Materials provided section start

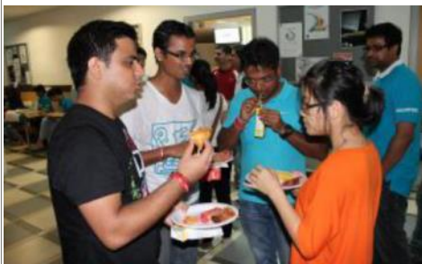
International Youth Day 2012, Singapore

Hall. Youth from Perth Centre coordinated and organised the activities. Youth, children and the young at heart came together creating an enjoyable, fun-filled and purposeful day. A silent prayer began the programme, followed by power-
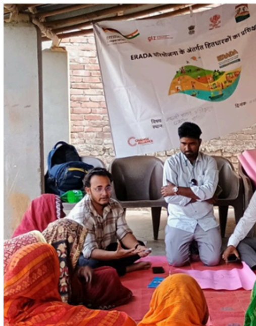
CRPs being trained in villages by resource person in Araria, Bihar

Contextualisation of knowledge products and Information, Education and Communication (IEC) materials for easy adoption
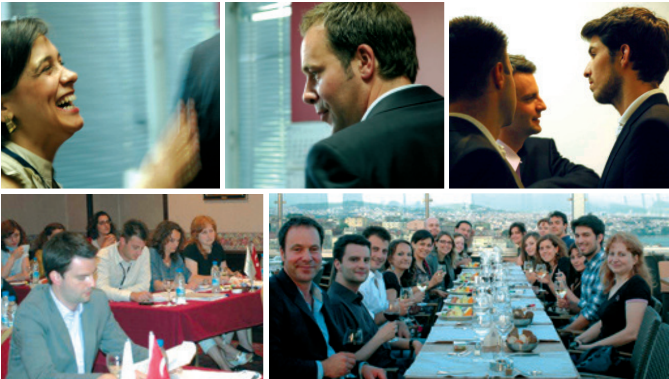
Conference in Gemir Palas Hotel

Materials provided section end

Work task: The data above should be restated exactly, with its images dropped.

Answer:
International Youth Day 2012, Singapore

Hall. Youth from Perth Centre coordinated and organised the activities. Youth, children and the young at heart came together creating an enjoyable, fun-filled and purposeful day. A silent prayer began the programme, followed by power-
CRPs being trained in villages by resource person in Araria, Bihar

Contextualisation of knowledge products and Information, Education and Communication (IEC) materials for easy adoption
Conference in Gemir Palas Hotel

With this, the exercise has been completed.